Ablation Study (QuadOcc)¶

Configuration	mIoU	Novel mIoU	Base mIoU
Baseline (OVO)	14.33	18.15	10.52
+ PsM	15.21	19.43	11.00
+ PsM + OCA	15.89	20.31	11.48
+ PsM + OCA + NMA (Full)	16.54	21.16	11.92

Key Findings¶

O3N under the open-vocabulary setting (mIoU 16.54) even surpasses certain fully supervised methods (e.g., SSCNet 14.60, LMSCNet 18.44).
Novel-class mIoU improves from 18.15 to 21.16 (+3.01), validating a significant enhancement in open-vocabulary capability.
The framework is generalizable: it also achieves improvement from 13.81 to 15.52 on the SGN-S backbone.
State-of-the-art results are also achieved on the Human360Occ dataset, validating cross-scene generalization.

Highlights & Insights¶

Originality: The paper is the first to define and address the omnidirectional open-vocabulary occupancy prediction task, unifying panoramic perception with open semantic prediction.
Geometry-Aware Design: The spiral scanning path of PsM naturally aligns with the information density distribution of panoramic imaging, constituting an elegant inductive bias.
Theoretical Elegance: NMA derives a closed-form solution via random walks, simultaneously avoiding the overfitting risk of gradient-based optimization and guaranteeing convergence.
Modular Generality: O3N can be plug-and-play integrated into various occupancy prediction architectures such as MonoScene and SGN.

Limitations & Future Work¶

The absolute performance on novel classes remains low (e.g., vehicle at only 0.52 mIoU), and recognition of extremely rare classes remains challenging.
Base-class performance degrades under the open-vocabulary setting compared to fully supervised methods, indicating a persistent trade-off between open-vocabulary capability and closed-set accuracy.
Validation is limited to panoramic datasets; extension to multi-camera inputs has not been explored.
Computational overhead analysis is insufficient, and real-time feasibility for practical deployment requires further evaluation.

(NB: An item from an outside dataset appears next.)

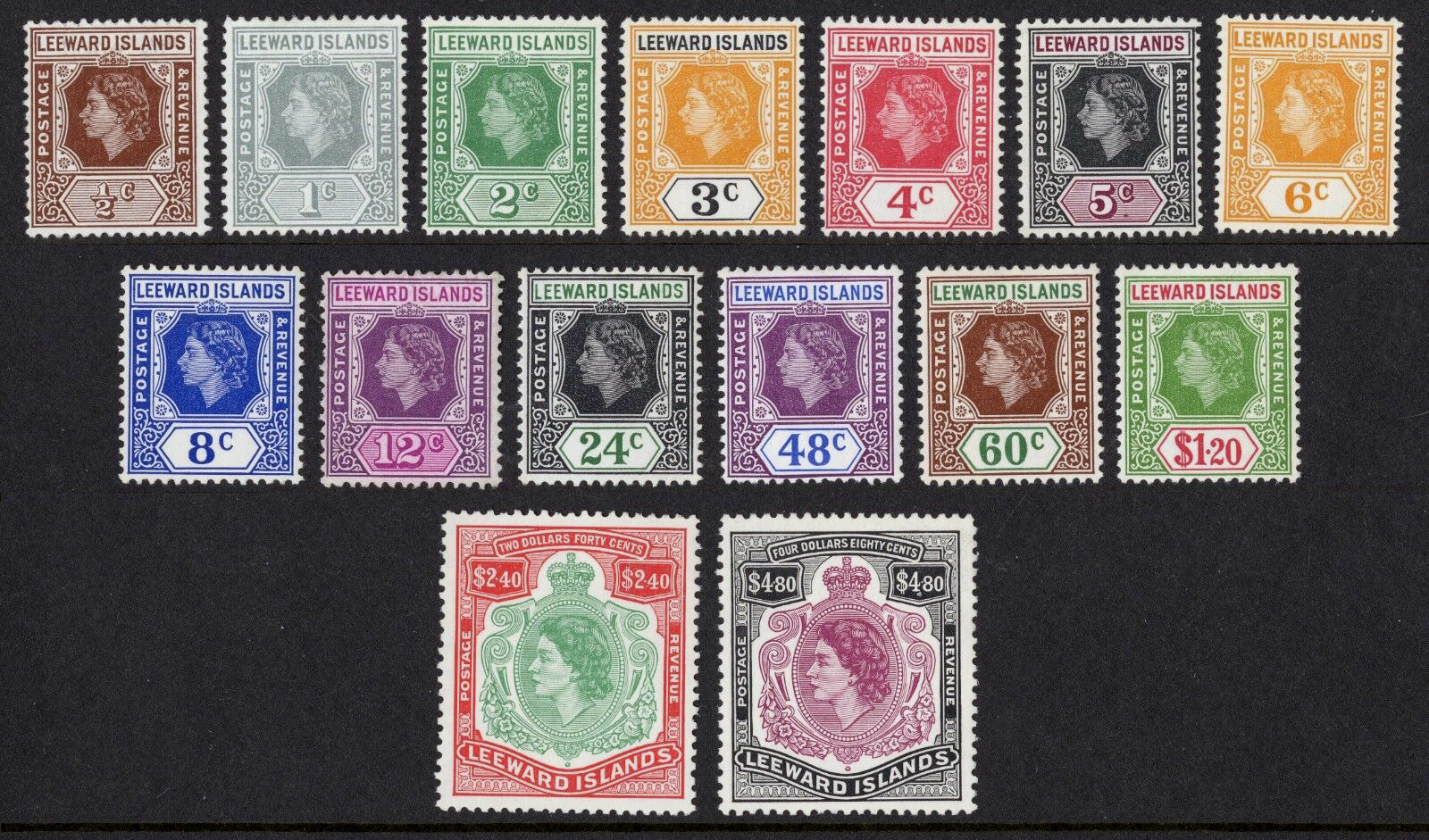 Leeward SC#133-147 - QEII completed set (1954) MNH Payment:1. Us Dollars Cash - Sent At Buyer's Risk 2. Personal checks drawn on canadian bank - allow 14 days for the check to clear the bank 3. International mo ... Read More

OVO (Tan et al., 2023): A pioneer in open-vocabulary occupancy prediction; this paper builds upon it by introducing omnidirectional perception and cost aggregation improvements.
CAT-Seg (Cho et al., 2024): The cost aggregation idea from 2D open-vocabulary segmentation is extended in this paper to 3D voxel space.
OneOcc (Shi et al., 2025): The state-of-the-art in omnidirectional fully supervised occupancy prediction, providing baselines and datasets for this paper.
Insight: The paradigm of replacing direct feature alignment with cost aggregation merits broader adoption in other cross-modal tasks.

Rating (⭐)¶

Dimension	Rating
Novelty	⭐⭐⭐⭐
Technical Depth	⭐⭐⭐⭐
Experimental Thoroughness	⭐⭐⭐⭐
Writing Quality	⭐⭐⭐⭐
Value	⭐⭐⭐
Overall	⭐⭐⭐⭐